### DATASET:
======
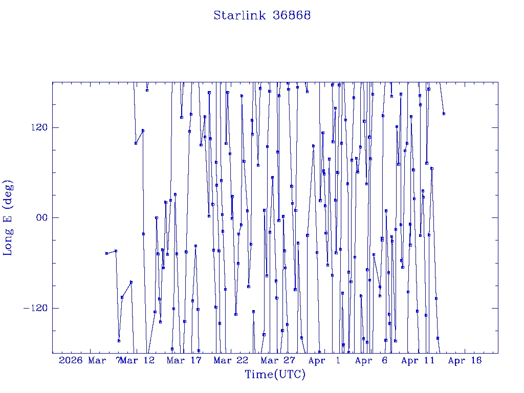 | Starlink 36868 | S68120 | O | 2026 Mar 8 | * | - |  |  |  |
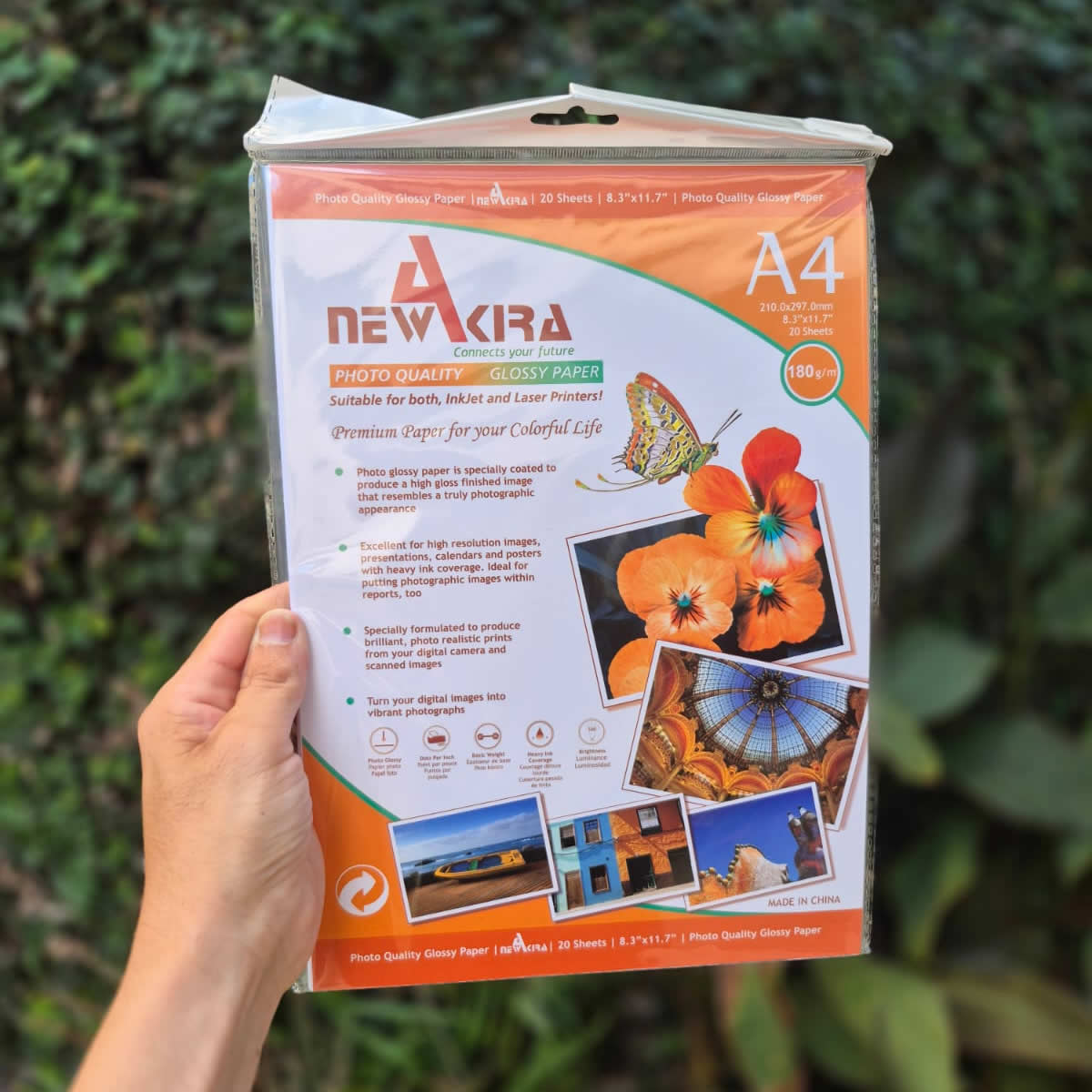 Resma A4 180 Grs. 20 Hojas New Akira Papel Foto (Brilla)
======
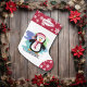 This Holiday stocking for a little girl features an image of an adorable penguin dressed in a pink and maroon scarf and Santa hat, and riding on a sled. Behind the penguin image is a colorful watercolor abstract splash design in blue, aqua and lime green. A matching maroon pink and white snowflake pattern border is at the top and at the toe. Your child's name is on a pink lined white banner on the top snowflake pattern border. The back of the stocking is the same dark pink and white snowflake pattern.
======
### WHAT THE EXERCISE ASKS:
Copy out exactly the material that runs from the line with "Starlink 36868 |" to the line with "Resma A4 180", ends included, and leave the pictures behind.

### REPLY TO THE EXERCISE:
 | Starlink 36868 | S68120 | O | 2026 Mar 8 | * | - |  |  |  |
 Resma A4 180 Grs. 20 Hojas New Akira Papel Foto (Brilla)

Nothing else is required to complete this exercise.